Personal information
- Date of birth: 9 August 1978 (age 47)
- Place of birth: Ninove, Belgium
- Height: 1.74 m (5 ft 9 in)
- Position: Striker

Team information
- Current team: Belgium U19 (manager)

Senior career*
- Years: Team / Apps / (Gls)
- 1994–1998: Molenbeek / 33 / (11)
- 1998–1999: Germinal Ekeren / 32 / (7)
- 1999–2000: Germinal Beerschot / 28 / (11)
- 2000–2003: Genk / 93 / (66)
- 2003–2005: Ajax / 34 / (10)
- 2005–2008: Borussia Mönchengladbach / 28 / (6)
- 2007–2008: → Club Brugge (loan) / 21 / (6)
- 2008–2010: Club Brugge / 50 / (21)
- 2010–2012: Lierse / 32 / (6)
- 2012–2013: Waasland-Beveren / 16 / (1)
- 2014: KE Appelterre-Eichem / 9 / (9)
- Total:  / 376 / (154)

International career
- 1996: Belgium U18 / 4 / (1)
- 1997–1999: Belgium U21 / 11 / (8)
- 2001–2010: Belgium / 55 / (24)

Managerial career
- 2017–2020: Belgium U18
- 2020–2024: Belgium U19

= Wesley Sonck =

Belgian footballer

Wesley Sonck (born 9 August 1978) is a Belgian professional football manager and former player who manages the Belgium U19 national team. He played as a striker for Molenbeek, Ninove, Germinal Ekeren, Germinal Beerschot, Genk, Ajax, Borussia Mönchengladbach and Club Brugge. He was capped by Belgium at international level.
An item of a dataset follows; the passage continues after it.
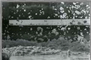
1971巨大な池の園まり
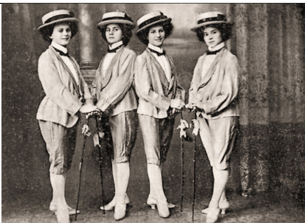
Damen-Quartett 4 Blitzmädel Dir. M. Witthein

During his time with Genk, he was the top goalscorer in the Belgian First Division in the 2001–02 season with 30 goals, and joint top in the following campaign with 22 – sharing the award with Cédric Roussel.

==Club career==

===Ajax===
Sonck moved to Ajax in the summer of 2003, to replace departed striker Mido. He made his debut on 12 August against Grazer AK. He scored his first goal for the club 13 September against RKC Waalwijk. Sonck never really made it in Amsterdam, partly because he was playing on the right wing a lot under coach Ronald Koeman. He moved to Borussia Mönchengladbach in the winter of 2004.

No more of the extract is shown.